HS
May 2, 2020
This course provides an introduction of some important concepts and tools on a very important aspect of data science: cleaning and organizing data before any analysis. A must for any data scientist.
DH
Feb 1, 2016
Easy, mostly instructive Course. The Assignments and quizzes are quite good, and illustrates the lessons very well.
See the videos for general presentation, but use the energy on the excersizes.
By Sergio C d F
•Aug 23, 2016
The video is simple and good.
But the final project and some test are too hard based on material presented.

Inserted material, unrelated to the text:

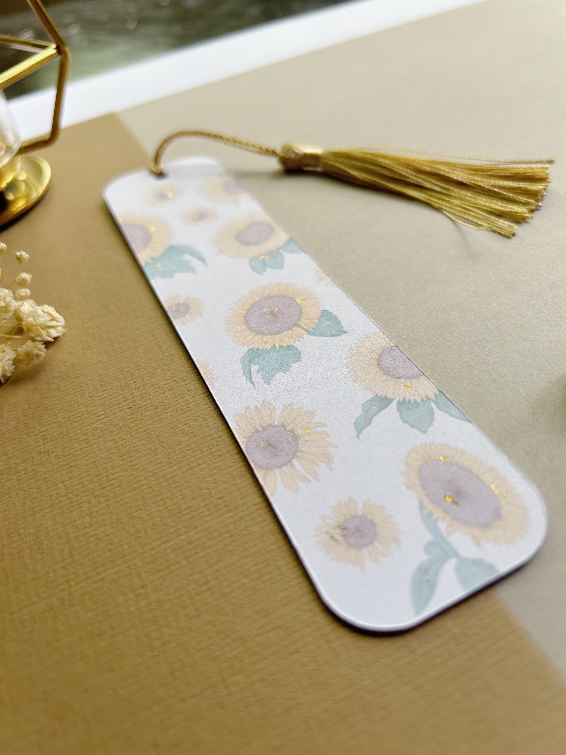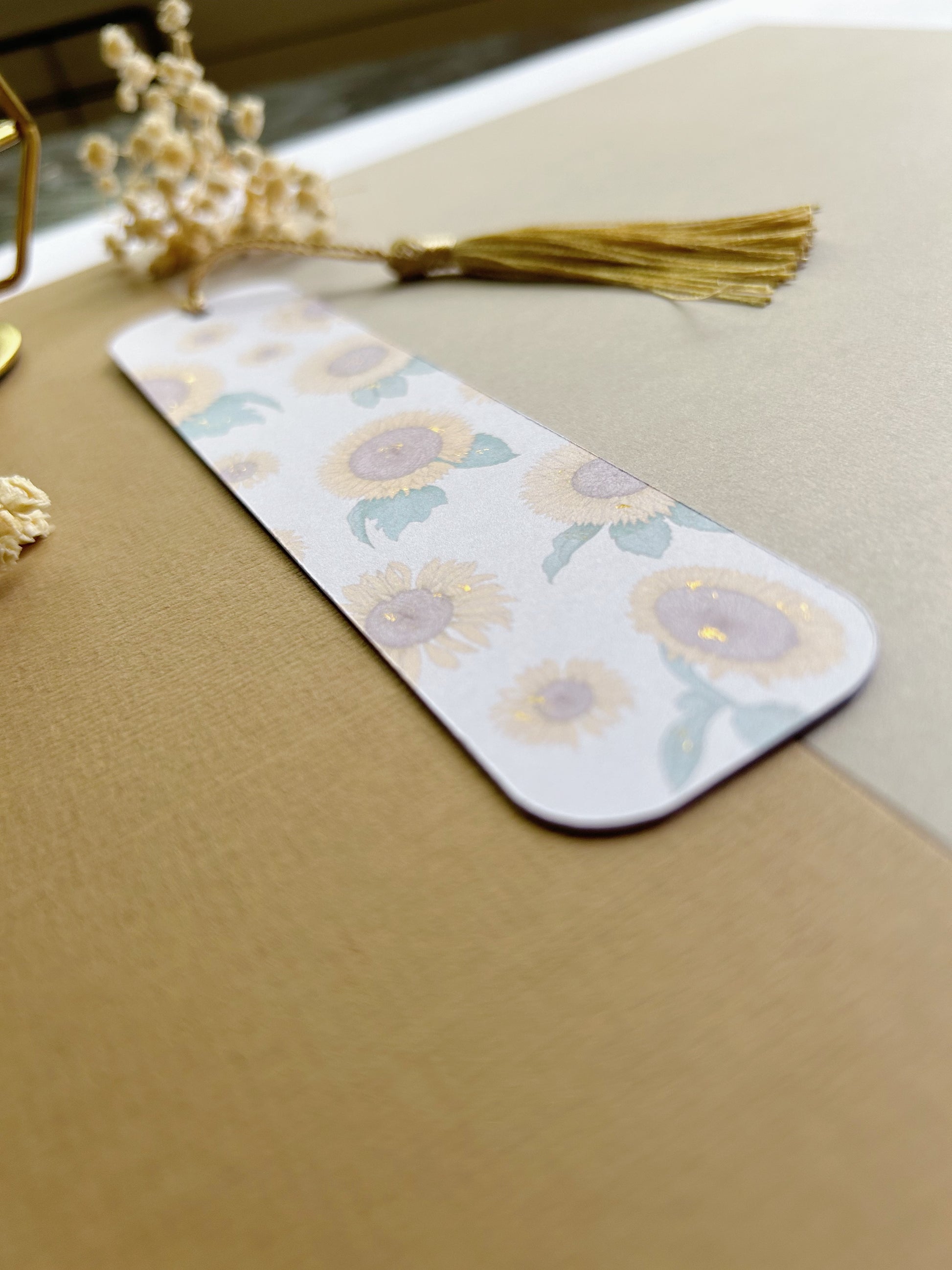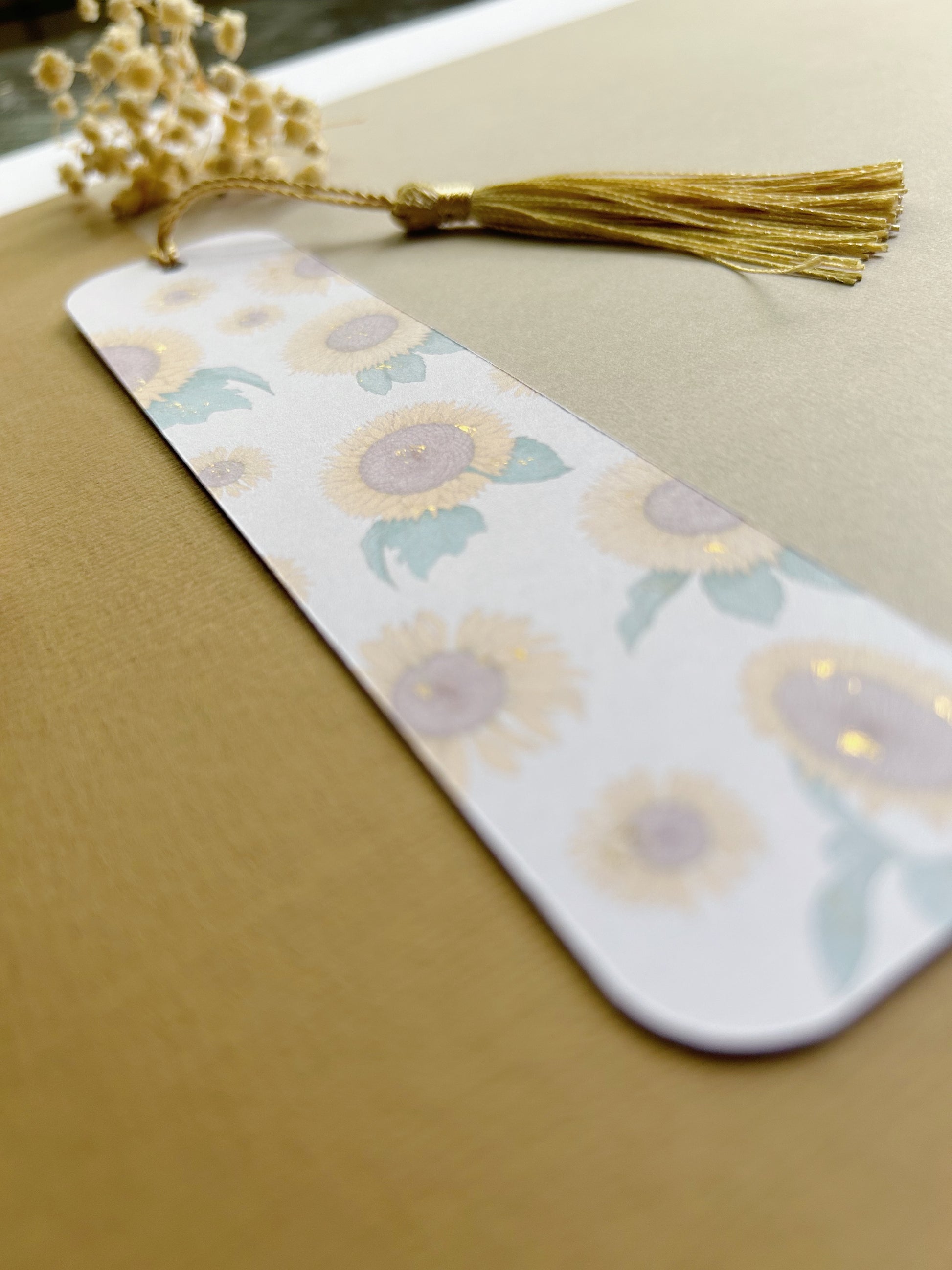 A bookmark with sunfowers and gold foil sparkles. There's a golden tassel attached and the bookmark is made out of 2 sheets of paper, both with a thickness of 300 gsm. These sheets are glued firmly together which gives the bookmark a thickness of 600 gsm. The bookmark is not laminated but if you would want to do that yourself it is still possible, as the tassel can be removed very easily. The golden sparkles are added by hand so it can differ a bit on the product you will receive at home. Although, the same technique is applied so the overall look will remain the same. And the gold foil is applied on both sides!

Also staff's support are not good.
By Cintia K
•Mar 9, 2021
Unfortunately the course's lectures are quite outdated, so you won't pass week 1 without all the research done by yourself.
By Ruwaa I
•Aug 18, 2020
I learned "ask Google" and dplyr, nothing more. Not as satisfied as with the other courses in the specialization.
By Adrea G
•Jul 28, 2022
I started this course but I don't feel that the material covered reflects the material tested in the quiz.
By Gianluca M
•Sep 19, 2016
The only interesting part was dplyr. The rest was too confusing, with lots of lists and no explanations.
By Adam M
•Jan 17, 2020
The information in the lectures is very stale, which makes it extremely frustrating to learn from.
By DESIREE P
•Mar 10, 2021
Messier than the 2 previous courses. Lacks explanations for codebook in the peer-graded exam.
By Sudarshan P
•Dec 5, 2017
The course material needs update. There are code snippets that do not work.
By Aditya D
•Sep 18, 2017
This course could have been better. It was all textual and it got boring.
By James C
•May 29, 2017
Final assignment is not well detailed, and may cause confusion.
By Guy P
•Mar 3, 2016
This course lacks projects to implement the skills we learn.
By Lee D
•May 18, 2016
The course was a bit mixed in terms of its quality.
By Colin H
•Oct 21, 2020
Guidance for assessments could be a lot better
By Adam K
•Aug 25, 2019
Very poor instructions for assignments.
By Rafee S
•Feb 25, 2019
waste of time for software engineers
By Maximilian P
•Jul 11, 2018
Too many things in one place
By Sergio B
•Nov 17, 2017
Worst class in this series.
By Michal K
•Apr 29, 2016
too superficial
By Leandro J G D
•May 12, 2020
Lacking focus.
By Warren
•Aug 5, 2016
Boring.
By Walson Q
•Nov 29, 2018
2
By Dan H
•Jan 16, 2018
This course is about getting data from the web and processing it using a computer language and packages in that language that are under active development. There is a github repo with course content and other electronic resources that are made to be easy to update. It has never been updated, even once since the course first went live 4 years ago. There are many broken links, several new features and bugs in packages that make lecture content obsolete or broken, errors found by students, etc. None of these issues have been addressed, even once, in any of the material, including the extremely easy to update content on github. This is disappointing and not very professional. Additionally, many of the notes are not particularly good to begin with. Much of it is essentially cribbed from other online tutorials, examples in the documentation, and in a few cases, someone else's (also broken) lectures. Take this course if you want a study group (the forums are actually quite useful) to help you go through 4 year old lectures rehashing online tutorials from 4 years ago about a topic that changes pretty quickly.
By Grant I
•Jan 22, 2018
Made it all the way to week four and decided to drop this entire specialization. The data set in the final project is poorly referenced (despite the code book provided). The data set comes in 24 text files you have to merge (which isn't a problem in R) but what is a problem is when you don't understand what the variables and observations are. Perhaps if I worked in the medical field these measurements would mean more, but to a business major, they are incomprehensible with the limited documentation provided. So my assumption was, if I am having difficulty understanding what the final data structure should look like, others will be having the same problem......and its peer reviewed. How can I possible grade someone else
By Abdulaziz M A A
•Jul 2, 2020
I have to date completed the first 2 courses in Data Science: Foundations using R Specialization.
Today I have cancelled my subscription for the following reasons:
1 Poor course design and delivery
Lesson contents inadequately covered and sourced, lecturers deliver a fast paced recordings with very little examples and references making it hard for beginner students to keep pace and find themselves unprepared for the required quizzes and exams.
2 Course materials needs to be updated and presented to facilitate learning , eg. often times students are referred to static links and too many many times new and un-familiar concepts/ functions are rushed thru with no introduction or explanation.
By Ryan N
•Oct 29, 2021
Course content is ok except for the week 2, quite confusing. Not very detail. Quite a few slides asking you to read up yourself from other sources.
And for the quizzes, mostly beyond the scope of the course.
Project wise, coding part is fine. The part that is totally not fine is the project requires you to prepare codebook and README, without any guidance in any videos in this course, or courses prior to taking this course. All you need is to read up yourself from other sources. The community are assuming people who are taking these courses have good knowledge in programming related work.